I can get the result without the cumulative part by doing
dcast(df, ID+No~Variable, value.var="Value")
which results in the non-cumulative variant:
ID No a b c
1: 1 1 2 NA NA
2: 1 2 NA 1 NA
3: 1 3 3 NA NA
4: 2 1 NA NA 3
5: 2 2 2 NA NA
6: 2 3 1 NA NA
7: 2 4 NA 5 NA
Any ideas how to make this cumulative? The original data.table has over 250,000 rows, so efficiency matters.
EDIT: I just used a,b,c as an example, the original file has about 40 different levels. Furthermore, the NAs are important; there are also Value-values of 0, which means something else than NA
POSSIBLE SOLUTION
Okay, so I've found a working solution. It is far from efficient, since it enlarges the original table.
The idea is to duplicate each row TotalNo - No times, where TotalNo is the maximum No per ID. Then the original dcast function can be used to extract the dataframe. So in code:
df[,TotalNo := .N, by=ID]
df2 <- df[rep(seq(nrow(df)), (df$TotalNo - df$No + 1))] #create duplicates
df3 <- df2[order(ID, No)]#, No:= seq_len(.N), by=.(ID, No)]
df3[,No:= seq(from=No[1], to=TotalNo[1], by=1), by=.(ID, No)]
df4<- dcast(df3,
formula = ID + No ~ Variable,
value.var = "Value", fill=NA, fun.aggregate = sum)
It is not really nice, because the creation of duplicates uses more memory. I think it can be further optimized, but so far it works for my purposes. In the sample code it goes from 7 rows to 16 rows, in the original file from 241,670 rows to a whopping 978,331. That's over a factor 4 larger.
SOLUTION
Eddi has improved my solution in computing time in the full dataset (2.08 seconds of Eddi versus 4.36 seconds of mine). Those are numbers I can work with! Thanks everybody!

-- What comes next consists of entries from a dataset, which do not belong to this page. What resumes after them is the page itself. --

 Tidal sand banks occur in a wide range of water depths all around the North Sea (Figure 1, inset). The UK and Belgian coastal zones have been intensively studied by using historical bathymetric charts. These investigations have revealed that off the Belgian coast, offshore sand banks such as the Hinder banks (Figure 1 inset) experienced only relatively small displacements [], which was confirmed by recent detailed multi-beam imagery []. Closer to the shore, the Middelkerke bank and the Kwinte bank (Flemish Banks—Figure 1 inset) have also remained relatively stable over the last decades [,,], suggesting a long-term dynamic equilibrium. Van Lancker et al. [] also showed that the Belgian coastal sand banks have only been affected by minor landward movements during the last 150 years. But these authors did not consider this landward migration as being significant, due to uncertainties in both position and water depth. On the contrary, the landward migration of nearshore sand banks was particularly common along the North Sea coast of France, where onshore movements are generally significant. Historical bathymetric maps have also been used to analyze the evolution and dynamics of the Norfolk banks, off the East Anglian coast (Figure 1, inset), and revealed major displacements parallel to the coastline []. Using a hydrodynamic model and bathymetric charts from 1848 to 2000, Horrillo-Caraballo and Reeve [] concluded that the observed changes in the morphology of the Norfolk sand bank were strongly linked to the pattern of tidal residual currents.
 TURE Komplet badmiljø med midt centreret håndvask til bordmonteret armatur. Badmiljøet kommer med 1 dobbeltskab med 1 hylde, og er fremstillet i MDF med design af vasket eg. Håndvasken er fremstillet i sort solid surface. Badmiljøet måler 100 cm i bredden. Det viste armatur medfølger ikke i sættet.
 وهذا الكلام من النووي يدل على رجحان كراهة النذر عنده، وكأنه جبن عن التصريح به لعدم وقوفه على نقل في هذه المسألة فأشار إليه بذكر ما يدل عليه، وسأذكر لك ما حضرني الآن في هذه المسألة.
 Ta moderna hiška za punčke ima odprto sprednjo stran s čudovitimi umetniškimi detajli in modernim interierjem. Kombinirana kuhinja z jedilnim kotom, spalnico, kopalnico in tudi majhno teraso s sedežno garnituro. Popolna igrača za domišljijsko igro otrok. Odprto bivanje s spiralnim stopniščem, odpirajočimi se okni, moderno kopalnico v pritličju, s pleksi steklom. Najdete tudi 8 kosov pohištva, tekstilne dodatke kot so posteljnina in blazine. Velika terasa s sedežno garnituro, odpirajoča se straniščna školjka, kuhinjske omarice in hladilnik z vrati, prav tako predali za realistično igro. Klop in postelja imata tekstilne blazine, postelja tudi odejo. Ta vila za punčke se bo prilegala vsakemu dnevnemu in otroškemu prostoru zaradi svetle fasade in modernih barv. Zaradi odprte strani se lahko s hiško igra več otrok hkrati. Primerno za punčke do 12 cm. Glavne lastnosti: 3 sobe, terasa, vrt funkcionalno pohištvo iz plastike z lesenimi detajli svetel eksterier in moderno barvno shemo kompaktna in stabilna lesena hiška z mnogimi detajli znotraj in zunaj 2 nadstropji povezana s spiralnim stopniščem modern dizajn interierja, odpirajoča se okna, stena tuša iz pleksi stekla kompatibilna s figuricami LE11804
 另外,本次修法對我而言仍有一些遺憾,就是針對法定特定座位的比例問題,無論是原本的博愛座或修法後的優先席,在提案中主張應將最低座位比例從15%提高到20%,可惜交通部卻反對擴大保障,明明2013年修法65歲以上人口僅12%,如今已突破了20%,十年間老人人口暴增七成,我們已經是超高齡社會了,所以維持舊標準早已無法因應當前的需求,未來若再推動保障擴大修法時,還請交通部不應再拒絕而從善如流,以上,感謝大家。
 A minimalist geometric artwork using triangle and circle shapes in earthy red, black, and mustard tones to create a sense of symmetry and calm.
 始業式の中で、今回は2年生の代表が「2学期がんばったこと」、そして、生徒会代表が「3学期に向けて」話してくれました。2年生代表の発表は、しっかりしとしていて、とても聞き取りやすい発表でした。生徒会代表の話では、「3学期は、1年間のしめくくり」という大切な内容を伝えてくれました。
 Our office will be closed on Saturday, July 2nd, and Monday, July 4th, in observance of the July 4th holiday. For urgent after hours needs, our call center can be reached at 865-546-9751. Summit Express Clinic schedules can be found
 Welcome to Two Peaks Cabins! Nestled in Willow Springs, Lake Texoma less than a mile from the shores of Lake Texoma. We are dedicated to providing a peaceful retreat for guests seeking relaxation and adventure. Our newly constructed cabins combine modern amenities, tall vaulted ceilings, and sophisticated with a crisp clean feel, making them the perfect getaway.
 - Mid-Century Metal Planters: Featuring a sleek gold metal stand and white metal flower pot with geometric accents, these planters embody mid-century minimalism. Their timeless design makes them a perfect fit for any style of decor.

Your solution is good, but you're adding too many rows, that are unnecessary if you compute the cumsum beforehand:
# add useful columns
df[, TotalNo := .N, by = ID][, CumValue := cumsum(Value), by = .(ID, Variable)]
# do a rolling join to extend the missing values, and then dcast
dcast(df[df[, .(No = seq(No[1], TotalNo[1])), by = .(ID, Variable)],
on = c('ID', 'Variable', 'No'), roll = TRUE],
ID + No ~ Variable, value.var = 'CumValue')
# ID No a b c
#1: 1 1 2 NA NA
#2: 1 2 2 1 NA
#3: 1 3 5 1 NA
#4: 2 1 NA NA 3
#5: 2 2 2 NA 3
#6: 2 3 3 NA 3
#7: 2 4 3 5 3

Here's a standard way:
library(zoo)
df[, cv := cumsum(Value), by = .(ID, Variable)]
DT = dcast(df, ID + No ~ Variable, value.var="cv")
lvls = sort(unique(df$Variable))
DT[, (lvls) := lapply(.SD, na.locf, na.rm = FALSE), by=ID, .SDcols=lvls]
ID No a b c
1: 1 1 2 NA NA
2: 1 2 2 1 NA
3: 1 3 5 1 NA
4: 2 1 NA NA 3
5: 2 2 2 NA 3
6: 2 3 3 NA 3
7: 2 4 3 5 3

One alternative way to do it is using a custom built cumulative sum function. This is exactly the method in #David Arenburg's comment, but substitutes in a custom cumulative summary function.
EDIT: Using #eddi's much more efficient custom cumulative sum function.
cumsum.na <- function(z){
Reduce(function(x, y) if (is.na(x) && is.na(y)) NA else sum(x, y, na.rm = T), z, accumulate = T)
}
cols <- sort(unique(df$Variable))
res <- dcast(df, ID + No ~ Variable, value.var = "Value")[, (cols) := lapply(.SD, cumsum.na), .SDcols = cols, by = ID]
res
ID No a b c
1: 1 1 2 NA NA
2: 1 2 2 1 NA
3: 1 3 5 1 NA
4: 2 1 NA NA 3
5: 2 2 2 NA 3
6: 2 3 3 NA 3
7: 2 4 3 5 3
This definitely isn't the most efficient, but it gets the job done and gives you an admittedly very slow very slow cumulative summary function that handles NAs the way you want to.

Related

data.table::dcast long to wide data while ignoring NA-Category?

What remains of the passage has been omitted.